#### Task item:
Images are to be left out; everything else in the listing should be repeated exactly.

#### Stored data:
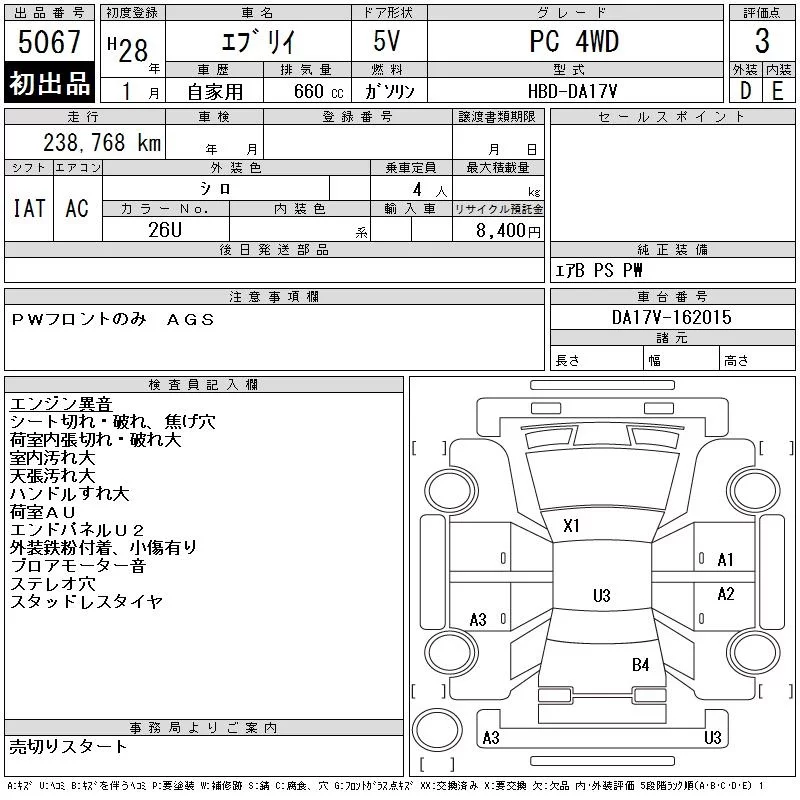 Suzuki EVERY с аукциона Японии CAA Tohoku лот № 5067
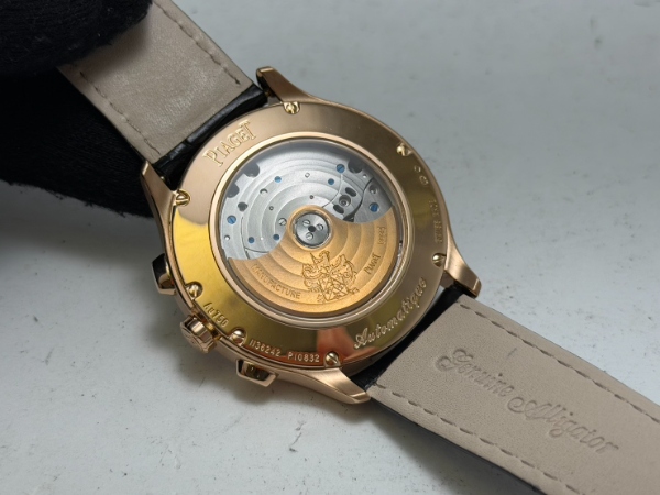 Custom calfskin strap & original 18KRG DP buckle. Original box & certificate. The condition has been slightly polished like new.
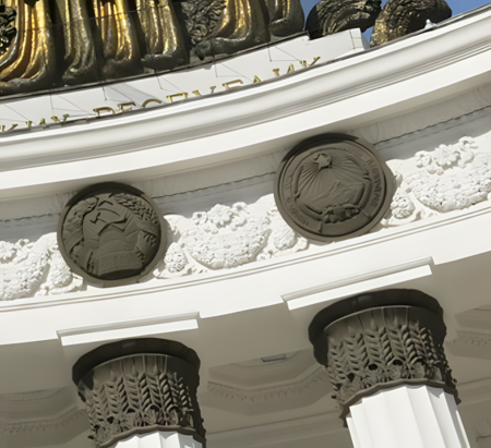 Колонны тоже сделаны интересно: имея каменные цоколь и базу, они продолжаются кованным металлическим элементом, после которого фуст колонны с каннелюрами. Капитель колонны симметричен нижней части, немного напоминает капитель колонн главного павильона ВДНХ, только вместо колосьев треугольные элементы с ромбами, опоясывающими их (это же верно и для вставленных колонн).

#### Expected output:
 Suzuki EVERY с аукциона Японии CAA Tohoku лот № 5067
 Custom calfskin strap & original 18KRG DP buckle. Original box & certificate. The condition has been slightly polished like new.
 Колонны тоже сделаны интересно: имея каменные цоколь и базу, они продолжаются кованным металлическим элементом, после которого фуст колонны с каннелюрами. Капитель колонны симметричен нижней части, немного напоминает капитель колонн главного павильона ВДНХ, только вместо колосьев треугольные элементы с ромбами, опоясывающими их (это же верно и для вставленных колонн).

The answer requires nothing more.